## EXERCISE DIRECTIONS
All of the data below should come back exactly as written, minus its images.

═════ MATERIAL PROVIDED ═════

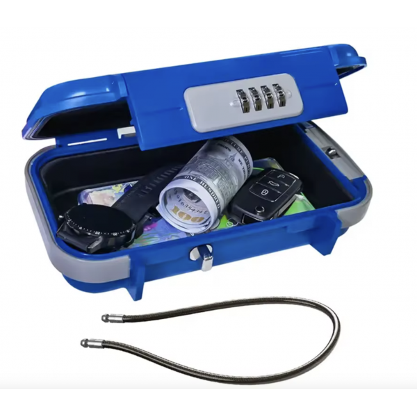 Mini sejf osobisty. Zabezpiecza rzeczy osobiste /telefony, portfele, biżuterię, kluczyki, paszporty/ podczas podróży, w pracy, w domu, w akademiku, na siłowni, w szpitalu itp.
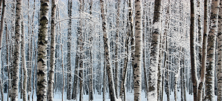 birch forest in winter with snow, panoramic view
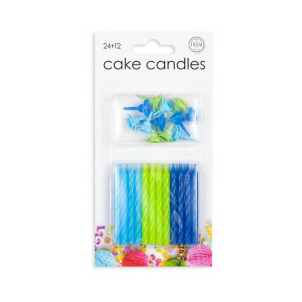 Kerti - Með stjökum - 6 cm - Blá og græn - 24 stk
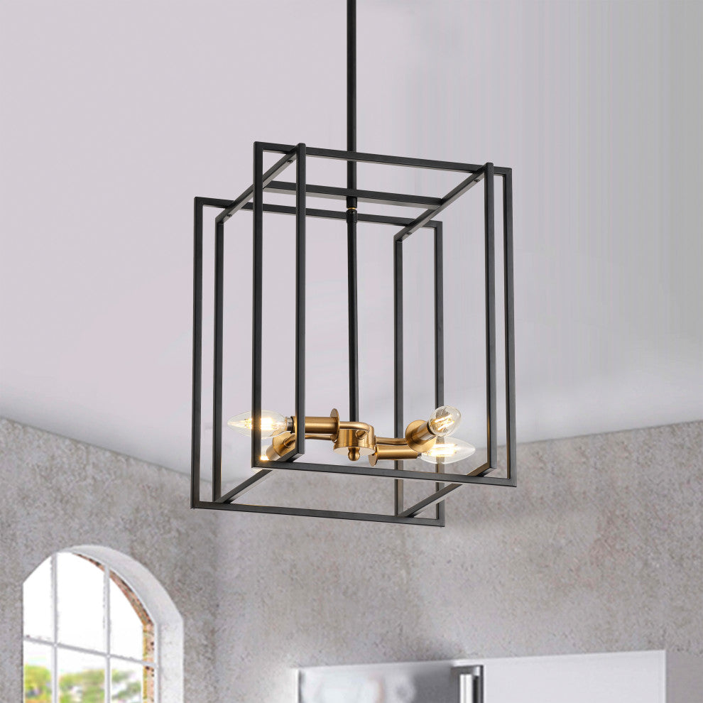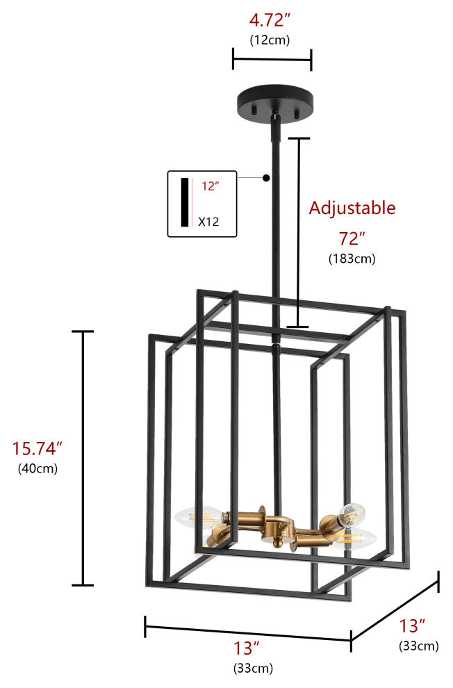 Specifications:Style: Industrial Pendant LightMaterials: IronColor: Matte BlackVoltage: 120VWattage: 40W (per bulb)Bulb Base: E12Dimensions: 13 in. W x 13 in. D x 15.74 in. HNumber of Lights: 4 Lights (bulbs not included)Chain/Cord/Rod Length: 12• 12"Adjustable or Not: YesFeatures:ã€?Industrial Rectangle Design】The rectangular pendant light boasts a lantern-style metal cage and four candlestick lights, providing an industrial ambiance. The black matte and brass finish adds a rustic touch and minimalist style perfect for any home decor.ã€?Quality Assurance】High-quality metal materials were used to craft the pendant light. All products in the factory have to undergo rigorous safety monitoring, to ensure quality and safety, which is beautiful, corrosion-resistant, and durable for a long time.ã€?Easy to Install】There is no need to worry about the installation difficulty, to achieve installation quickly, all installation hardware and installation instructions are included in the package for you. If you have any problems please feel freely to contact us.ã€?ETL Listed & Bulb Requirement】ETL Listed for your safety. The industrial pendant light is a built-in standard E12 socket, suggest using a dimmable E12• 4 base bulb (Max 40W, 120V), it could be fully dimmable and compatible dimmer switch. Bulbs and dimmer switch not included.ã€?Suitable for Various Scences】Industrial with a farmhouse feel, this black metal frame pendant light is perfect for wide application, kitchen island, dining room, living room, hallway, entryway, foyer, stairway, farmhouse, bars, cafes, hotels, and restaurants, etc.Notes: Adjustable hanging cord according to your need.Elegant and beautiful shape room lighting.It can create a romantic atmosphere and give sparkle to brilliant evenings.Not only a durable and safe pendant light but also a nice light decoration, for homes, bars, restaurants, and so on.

═════

## RESPONSE TO THE EXERCISE
 Mini sejf osobisty. Zabezpiecza rzeczy osobiste /telefony, portfele, biżuterię, kluczyki, paszporty/ podczas podróży, w pracy, w domu, w akademiku, na siłowni, w szpitalu itp.
 birch forest in winter with snow, panoramic view
 Kerti - Með stjökum - 6 cm - Blá og græn - 24 stk
 Specifications:Style: Industrial Pendant LightMaterials: IronColor: Matte BlackVoltage: 120VWattage: 40W (per bulb)Bulb Base: E12Dimensions: 13 in. W x 13 in. D x 15.74 in. HNumber of Lights: 4 Lights (bulbs not included)Chain/Cord/Rod Length: 12• 12"Adjustable or Not: YesFeatures:ã€?Industrial Rectangle Design】The rectangular pendant light boasts a lantern-style metal cage and four candlestick lights, providing an industrial ambiance. The black matte and brass finish adds a rustic touch and minimalist style perfect for any home decor.ã€?Quality Assurance】High-quality metal materials were used to craft the pendant light. All products in the factory have to undergo rigorous safety monitoring, to ensure quality and safety, which is beautiful, corrosion-resistant, and durable for a long time.ã€?Easy to Install】There is no need to worry about the installation difficulty, to achieve installation quickly, all installation hardware and installation instructions are included in the package for you. If you have any problems please feel freely to contact us.ã€?ETL Listed & Bulb Requirement】ETL Listed for your safety. The industrial pendant light is a built-in standard E12 socket, suggest using a dimmable E12• 4 base bulb (Max 40W, 120V), it could be fully dimmable and compatible dimmer switch. Bulbs and dimmer switch not included.ã€?Suitable for Various Scences】Industrial with a farmhouse feel, this black metal frame pendant light is perfect for wide application, kitchen island, dining room, living room, hallway, entryway, foyer, stairway, farmhouse, bars, cafes, hotels, and restaurants, etc.Notes: Adjustable hanging cord according to your need.Elegant and beautiful shape room lighting.It can create a romantic atmosphere and give sparkle to brilliant evenings.Not only a durable and safe pendant light but also a nice light decoration, for homes, bars, restaurants, and so on.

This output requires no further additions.